The last thing that Joyce Wisdom had in mind when she traveled to Connecticut in 2009 to wed her partner, Helen Pound, was a new promotional scheme for Lake Street.
But Connecticut has two things Minnesota lacks: a same-sex marriage law and the town of Ridgefield. That's where the couple wed, and where Wisdom discovered that residents literally put their history on the streets. For its 300th anniversary, Ridgefield installed 32 historical panels that guide walkers through the town's revolutionary and industrial-era history and heroes.
That exposure prompted Wisdom to advocate for the past year and a half for a greater sense of heritage on Lake Street, where she's the executive director of the Lake Street Council. By late this year or early 2012, she's planning that the council will unveil the first in a series of 60 plaques modeled after what she saw in Ridgefield.

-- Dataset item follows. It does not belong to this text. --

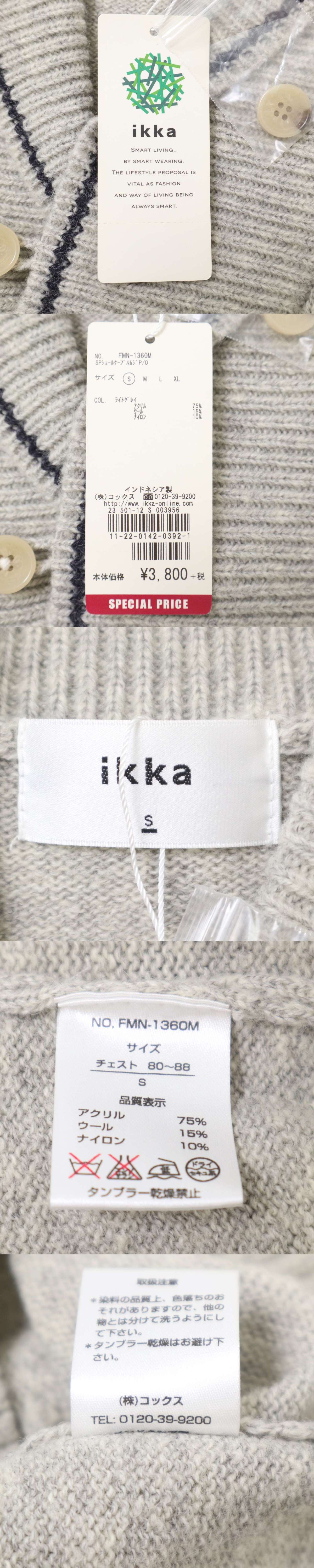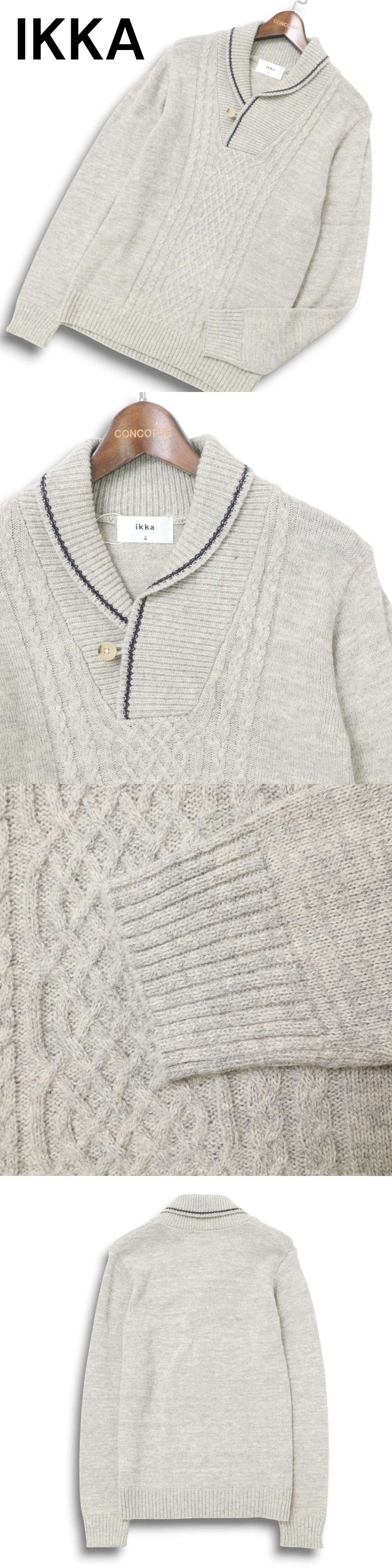 【新品 未使用】 IKKA イッカ 秋冬★ ウール混 ショールカラー ケーブル編み セーター ニット Sz.S メンズ 灰 グレー 收藏

The plaques will be clustered in three sections of the thoroughfare that extends east-west through south Minneapolis from the Mississippi River to the city's western border.
Visitors will be able to pick up a brochure from participating businesses and take a walking tour of a street that once was the city's agricultural fringe, then a thriving commercial strip, later the city's prime new-car emporium, and now is home to a newer generation of immigrant businesses.
Perhaps no business illustrates the street's evolution better than Schatzlein Saddle Shop, at 413 W. Lake.
Joan West is one of six Schatzlein grandchildren at a store that's been in the family since 1907. She's heard stories handed down about how her German-born grandfather Emil would repair a harness on a plow horse from then-nearby farms as it stood hitched to a post on Lake.
As development displaced farms, the business adapted to serve a clientele of serious riders and non-riders who hankered after such accessories as boots, buckles and bolo ties.